If you are currently on a high-interest rate mortgage, remortgaging could give you access to a lower interest rate, resulting in lower monthly repayments. Making consistent, on-time repayments can help improve your credit score.

Access to better credit terms

A remortgage can give you access to better credit terms, such as longer repayment periods and lower interest rates. This can help you to pay off your mortgage faster and improve your credit score in the long term.

Improved credit utilisation ratio

Remortgaging can help improve your credit utilization ratio, which is the amount of credit you use compared to the amount of credit you have available. By consolidating debts into one repayment, you may reduce the amount of credit you are using and improve your credit score.

Calculating how much you can remortgage with bad credit

This involves considering several factors, such as your income, debts, and credit score. Lenders will typically use these factors to assess your affordability and determine how much they are willing to lend you. Here's an example:

Let's say you have a property worth £300,000 and you currently have a mortgage balance of £200,000. You want to remortgage to release some equity for home improvements and to consolidate some debts.

Your credit score is poor, and you have some outstanding debts, including a credit card balance of £5,000 and a personal loan of £10,000. Your monthly income is £2,500, and your monthly expenses, including your existing mortgage, credit card, and loan payments, are £1,500.

To calculate how much you can remortgage, you'll need to consider your income, expenses, and debts:

  1. Income: Lenders typically use a multiple of your income to determine how much they are willing to lend you. In this example, let's assume the lender uses a multiple of 4. This means they are willing to lend you up to £10,000 (4 x £2,500) per year or £833 per month.
  2. Expenses: Lenders will also consider your monthly expenses, including your existing mortgage, credit card, and loan payments. In this example, your monthly expenses are £1,500.
  3. Debt-to-income ratio: Lenders will calculate your debt-to-income ratio, which is the percentage of your income that goes towards debt repayments. In this example, your debt-to-income ratio is 60% (£1,500 expenses divided by £2,500 income).

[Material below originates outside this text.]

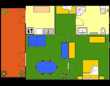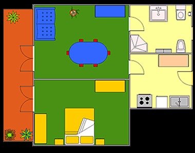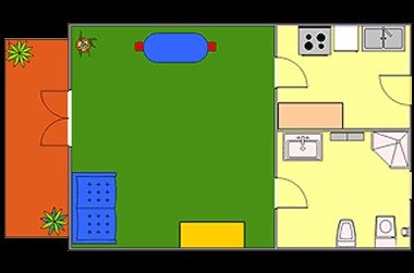 Planimetria con soggiorno, cucina, bagno e due camere, spazio esterno con piante.

Based on these factors, the lender may be willing to lend you up to £833 per month. This could be used to pay off your existing mortgage balance of £200,000 and release £133,000 (£833 per month x 12 months x 10 years) for home improvements and debt consolidation.

It's important to note that this is just an example, and the actual amount you can remortgage with bad credit will depend on your individual circumstances and the lender's criteria. Working with a mortgage advisor who specializes in bad credit mortgages can help you understand your options and find the best deal for your circumstances.

Conclusion

In conclusion, remortgaging with bad credit can be a viable option for those looking to rebuild their credit score and improve their financial situation. By consolidating debts, accessing better credit terms, and lowering monthly repayments, you can gradually improve your credit score over time.

However, it's important to carefully consider your individual circumstances, including your income, debts, and credit score, before deciding to remortgage.

Working with a mortgage advisor who specialises in bad credit mortgages can help you navigate the process and find the best deal for your situation.